> [Information shown]

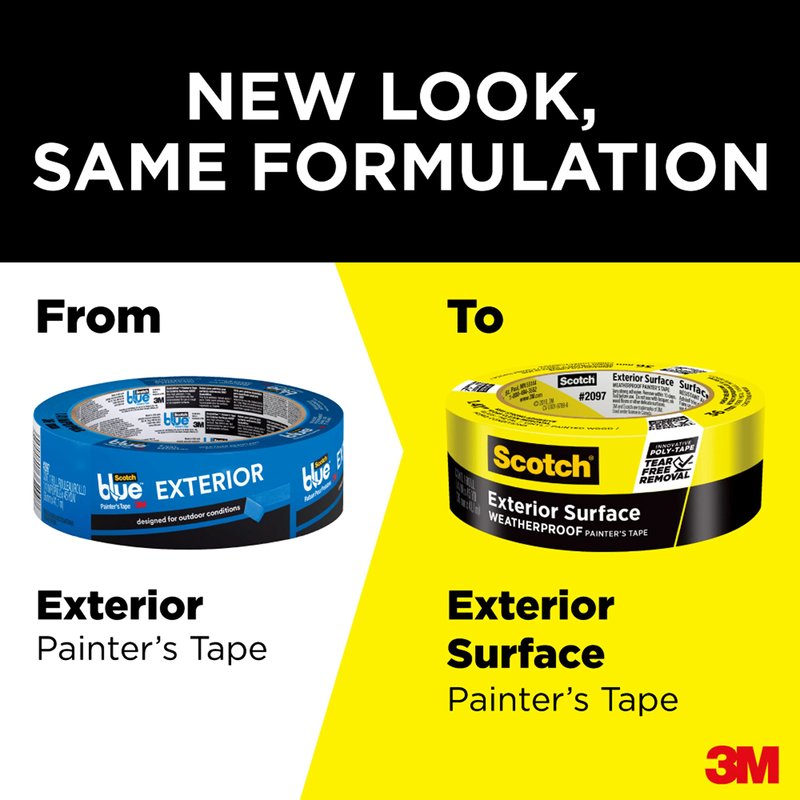 - READY. SET. PAINT!: 1 roll of 1.41 inch wide Scotch Exterior Surface Weatherproof Painter's Tape, an innovative poly-tape that can handle wind, rain, humidity and direct sunlight
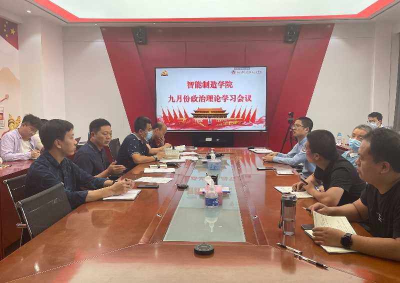 【智能制造学院党总支】9月29日,智能制造学院在10-305组织召开9月份政治理论学习会议,二级学院党政领导以及全体教职工参加会议,会议由学院党总副书记兼副院长沈博主持。
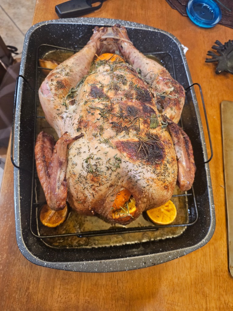 After 2.5 hours, your dad flips it for me and I put more herbs, acid (fresh squeezed orange and lemon), and added butter sticks — I’ve never done this before, not sure why I did this time?!?! Blame the ADHD???
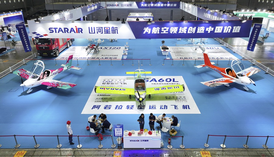 9月21日,长沙国际会展中心,山河星航展区已基本布置完毕。2023湖南(国际)通航产业博览会静态展于9月22日至24日举行,展览面积7万余平方米,设置通航制造、通航应用、通航科普等展区。21个省(区、市)组团参展参会,参展企业超过300家,包括航天科技、航天科工等22家央企,大疆、华为、小鹏以及巴西航空工业、贝尔、荷兰莱特兄弟、罗宾逊等国内外26家行业头部企业。湖南日报全媒体记者 辜鹏博 摄

> [What is being asked]
Repeat every line above exactly, minus the pictures.

> [Solution to this exercise]
 - READY. SET. PAINT!: 1 roll of 1.41 inch wide Scotch Exterior Surface Weatherproof Painter's Tape, an innovative poly-tape that can handle wind, rain, humidity and direct sunlight
 【智能制造学院党总支】9月29日,智能制造学院在10-305组织召开9月份政治理论学习会议,二级学院党政领导以及全体教职工参加会议,会议由学院党总副书记兼副院长沈博主持。
 After 2.5 hours, your dad flips it for me and I put more herbs, acid (fresh squeezed orange and lemon), and added butter sticks — I’ve never done this before, not sure why I did this time?!?! Blame the ADHD???
 9月21日,长沙国际会展中心,山河星航展区已基本布置完毕。2023湖南(国际)通航产业博览会静态展于9月22日至24日举行,展览面积7万余平方米,设置通航制造、通航应用、通航科普等展区。21个省(区、市)组团参展参会,参展企业超过300家,包括航天科技、航天科工等22家央企,大疆、华为、小鹏以及巴西航空工业、贝尔、荷兰莱特兄弟、罗宾逊等国内外26家行业头部企业。湖南日报全媒体记者 辜鹏博 摄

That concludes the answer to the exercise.